Records drawn from a dataset:
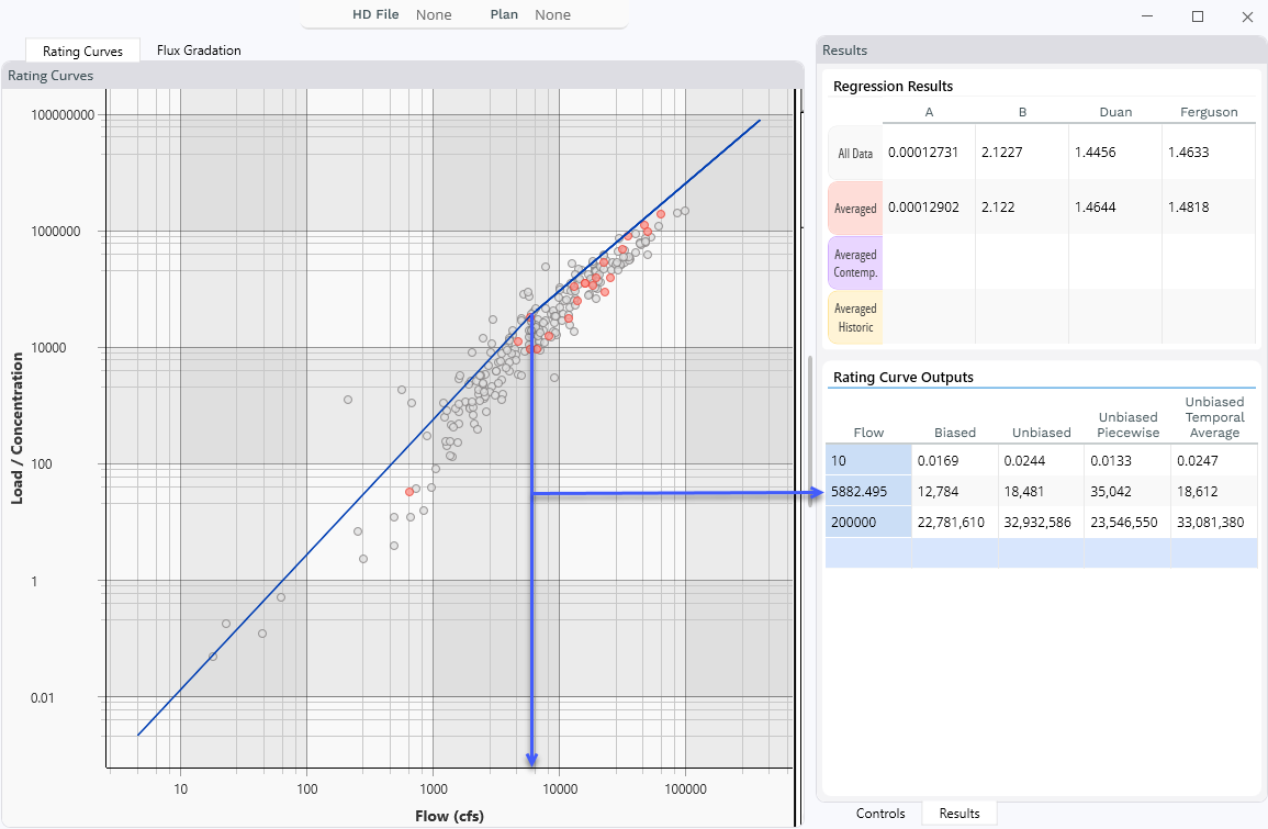 The tabular results reproduce the rating curve with two or more points. To compute loads for other flows, modelers and scientists will have to interpolate between these flow-load pairs. But these are logarithmically distributed data that fall along a power function (log transformed linear relationship). A simple linear interpolation is not appropriate. HEC-RAS log-interpolates between these data. Other applications should as well.
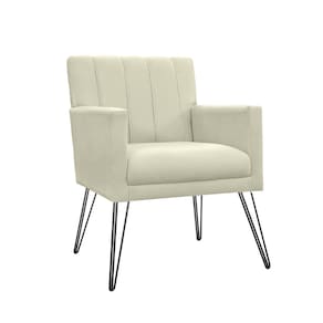 Poltrona Estofada Para Hall de Entrada com Pés de Ferro Cecília Suede Bege - LM DECOR
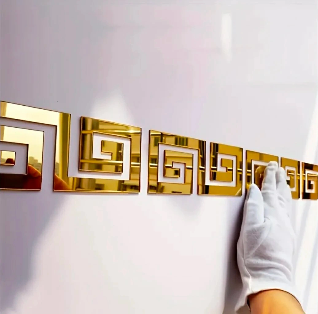 Add a touch of classic design to your walls with these gold-coloured mirror decals. Each decal is shaped like a Greek key pattern and measures approximately 5cm by 4.5cm. They have a protective film that needs to be removed before application. These decals are great for adding decorative accents to any room!
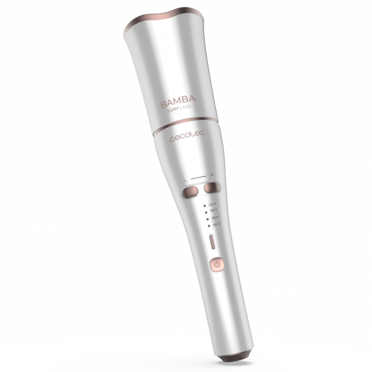 Bamba Surfcare 800 Magic Waves ProRizador de pelo automático BAMBA SURFCARE 800 MAGIC WAVES PRO con revestimiento de Queratina y aceite de argán, cilindro XL, función Pro Ionizer y función memoria.El cilindro de rizado de Bamba Surfcare 800 Magic Waves Pro está recubierto con Queratina y aceite de argán, que se transfiere al cabello durante su uso, mantiene el cabello sano, fuerte y brillante.Cilindro XL. Nuestro cilindro es más largo que el de la competencia, para un moldeado el doble de rápido en una sola pasada.Gracias a una superficie más larga, nuestro rizador puede enrollar más cabello y moldear más cerca de la raíz en una sola pasada.Agarre vertical. El agarre de nuestro rizador permite una postura mucho más relajada y permite crear rizos simétricos en todo el cabello. El agarre del rizador automático consigue que sea más fácil y seguro de usar, alejando el punto de sujeción del elemento calefactor.Rizos profesionales. Gracias a la posición vertical del cilindro, el pelo se enrolla alrededor como si de un moldeador profesional se tratase, para conseguir un moldeado uniforme. Además, sus opciones de configuración ayudan a que tengas el control total de la temperatura para unos rizos mucho más duraderos, definidos e hidratados.El rizador automático de Cecotec tiene función de memoria que permite guardar la configuración exacta que utilizaste en tu sesión anterior, para que solo te tengas que preocupar de usar el producto para obtener rizos profesionales día tras día de forma rápida y sencilla.El sistema de rizado en 3 direcciones permite crear rizos en dirección hacia la cara, al revés o alternar la dirección para crear looks más naturales y espectaculares de forma inmediata.La temperatura ajustable entre 150º – 210 ºC, en 4 posiciones predeterminada, permite que sea apto para todo tipo de cabellos y permite crear distintos estilos como tirabuzones, ondas marcadas u ondas playeras.El rizador automático de Cecotec está diseñado para un calentamiento del cilindro uniforme y rápido, estando listo para usarse en sólo 30 segundos, para que puedas comenzar a crear tu look sin largas esperas.El cable es de 3 m y con sistema 360º para no limitarte el movimiento al usarlo, además incluye una resistente anilla para colgarlo mientras no lo uses.Incluye un sistema de apagado automático que desactiva el rizador pasados 30 minutos de inactividad, evitando así el calentamiento excesivo del producto y alargando su vida útil.Función Pro Ionizer generadora de iones.
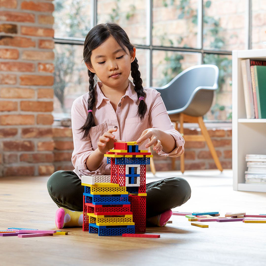 Auf die Plätze … fertig … losbauen! Wie schon der Name „Start Box“ vermuten lässt, handelt es sich hier um eine Zusammenstellung von 70 Bioblo-Bausteinen, mit der man zu Beginn seiner Bioblo-Baukarriere bestimmt nichts falsch macht. Der „Basic Mix“ enthält neben den drei elementaren Grundfarben Rot, Gelb und (Dunkel-)Blau auch noch 10 weiße Steine und bietet somit die perfekte Startposition für ein kreatives und pädagogisch wertvolles Bau-Spiel! Maße (L x B x H): 22 x 22 x 9,5 cm Gewicht: ca. 1,25 kg
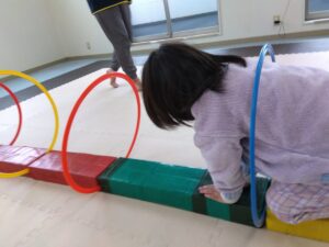 並べてフープをグーパージャンプで進みます。
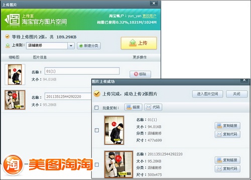通过美图淘淘批量完成图片美化后,即可批量生成图片保存到本地硬盘,或本地一键上传到淘宝官方图片空间;通过美图淘淘程序接口,即可直接登陆。然后,挑选要上传的图片及选定上传的路径,即可开始上传;完成上传后可一键复制图片链接到需要的地方,也可方便的进入在线图片空间,如图04.

YOUR ASSIGNMENT: Keep the pictures out and repeat exactly the lines from the beginning of the data through the line that contains "Add a touch", both ends included.

ANSWER AREA:
 The tabular results reproduce the rating curve with two or more points. To compute loads for other flows, modelers and scientists will have to interpolate between these flow-load pairs. But these are logarithmically distributed data that fall along a power function (log transformed linear relationship). A simple linear interpolation is not appropriate. HEC-RAS log-interpolates between these data. Other applications should as well.
 Poltrona Estofada Para Hall de Entrada com Pés de Ferro Cecília Suede Bege - LM DECOR
 Add a touch of classic design to your walls with these gold-coloured mirror decals. Each decal is shaped like a Greek key pattern and measures approximately 5cm by 4.5cm. They have a protective film that needs to be removed before application. These decals are great for adding decorative accents to any room!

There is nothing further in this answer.